All,
I am developing my knowledge on helping my fellow investigators ways of saving time while doing analysis of the hard drive/network data captured to find the "bad files". I am trying to figure out how to best help them, fuzzy hashing, data mining techniques that have been integrated into the analysis tools, proven methodologies and processes. If you know of any current processes that you are using, most appreciated. Every organization has its own policies on how it wants the data presented for evidence, leads, ect. Please list your source, journal, or website that outlines your high-level approach to big data in digital forensics.
Thanks,
Eric
What are the 'bad files' Eric? Your question is quite wide - the type of investigation usually dictates if you can use some of the 'big data' techniques, and if so, which ones are appropriate.

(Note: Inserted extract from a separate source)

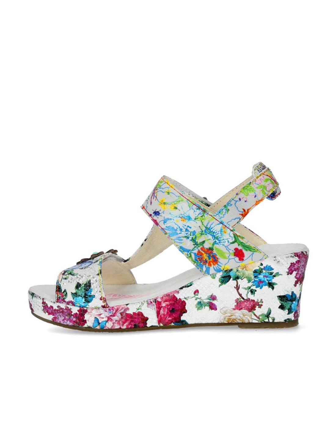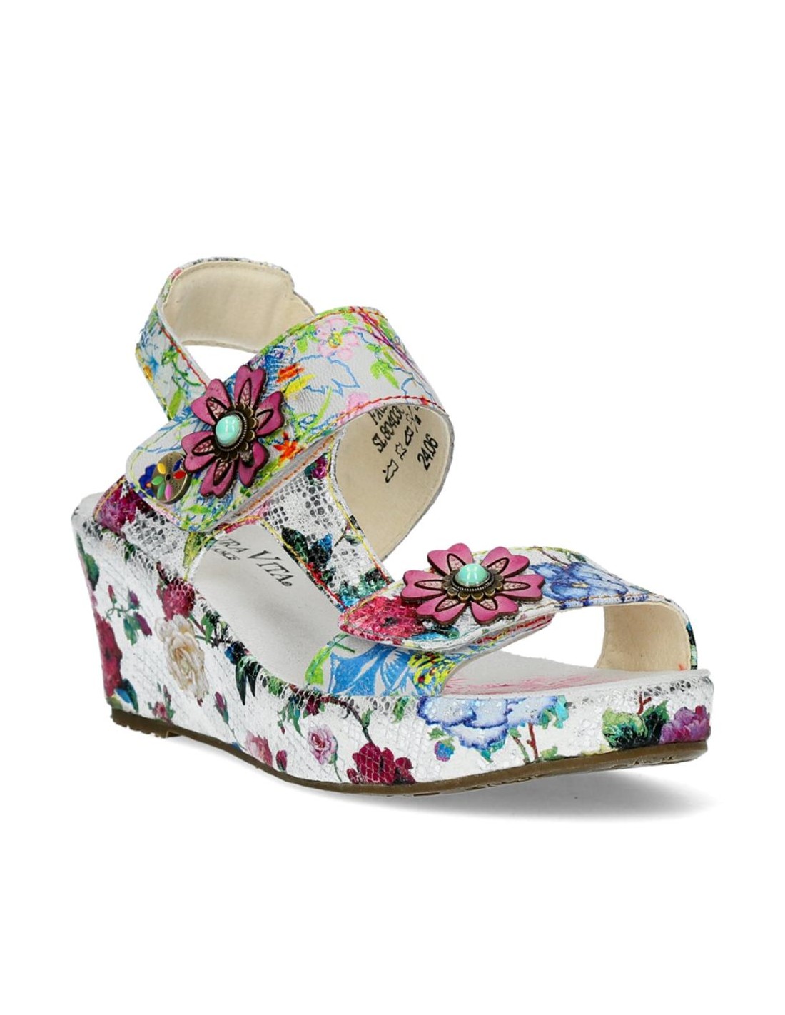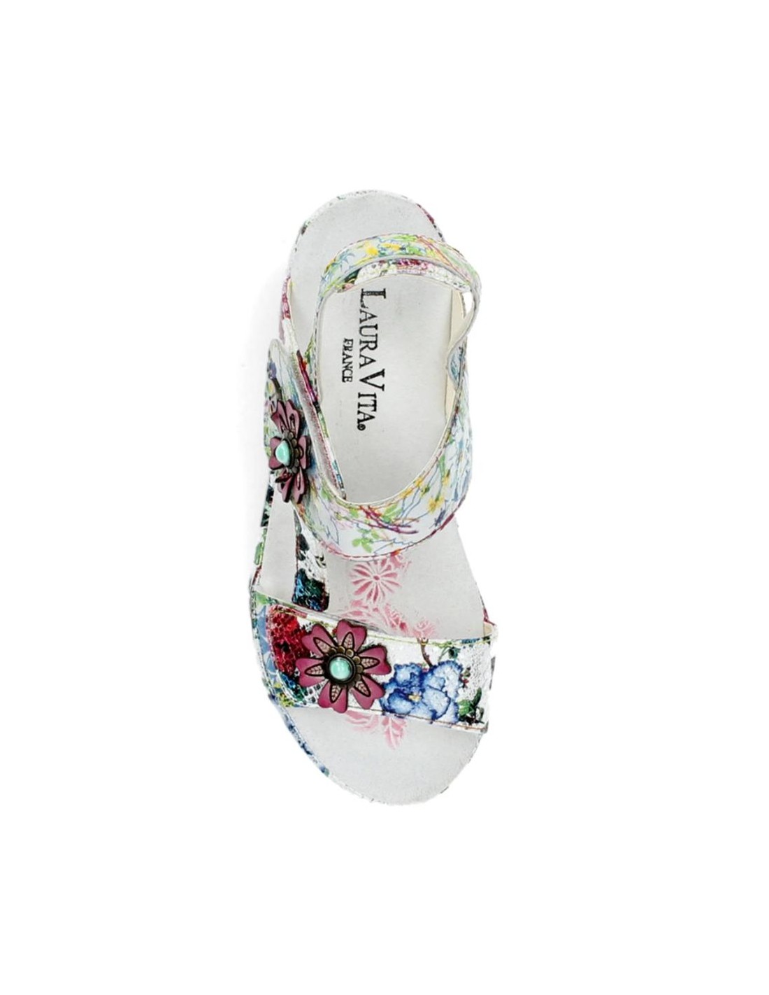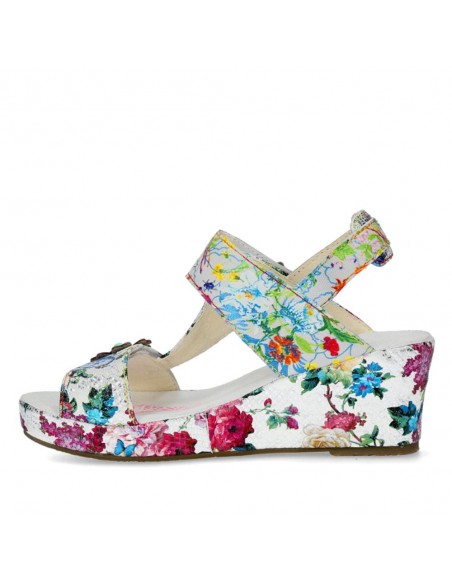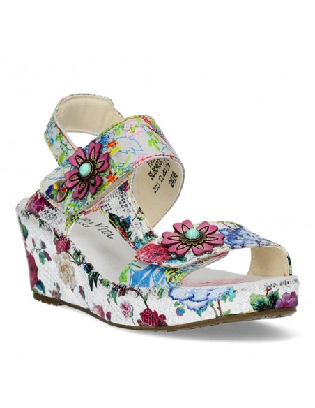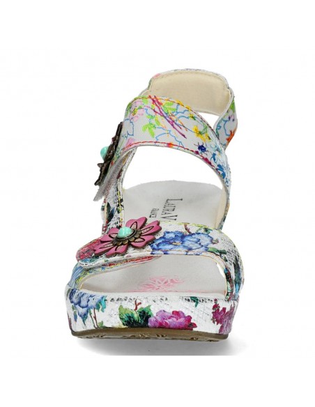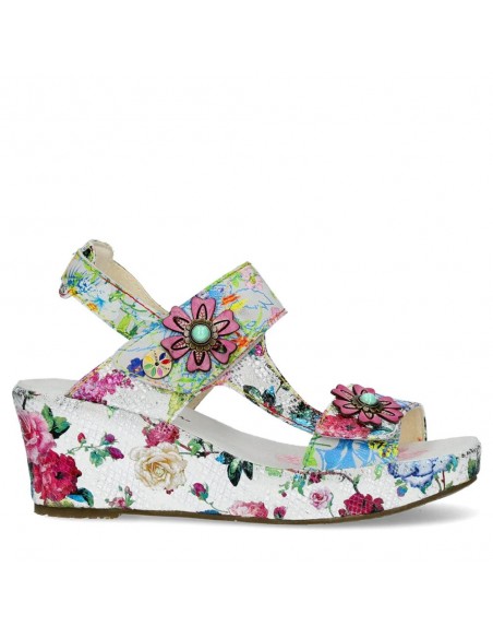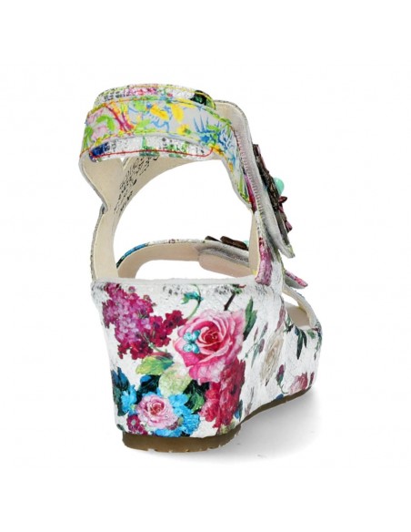 Descripción: Sandalia mujer Laura Vita FACDIO-37 en piel blanca estampada y detalle floral. Esta marca ofrece originalidad inspirada en la naturaleza y las artes, colorido nuevo cada temporada y comodidad ergonómica.

One option purloined from the ediscovery world is clustering or what AD calls Document Content Analysis in later versions of FTK/Lab page 401 on from https://
Good old fashioned hashing can help, again depending on whether you are wanting to include/exclude. KFF has always been useful here to exclude a lot of irrelevant data. There are a few good technologies out there to 'best guess' Explicit Images if that's what your investigation hinges on, things like Cerberus to highlight malicious code if that's important to you, and so on…
Redcat,
The bad files are files that would be considered evidence, I.e. Cp pictures, illegally downloaded software, movies, malware dispensing programs, and the list goes on. I am aware of ftk, encase, and sans software to get process evidence.
I am trying to utilize and develop a standard process for analyzing the possible evidence. Possibly using data mining techniques. I am still in the learning phase, I regularly use encase on my cases. Good but I know there better programs out there.
Thanks,
Eric,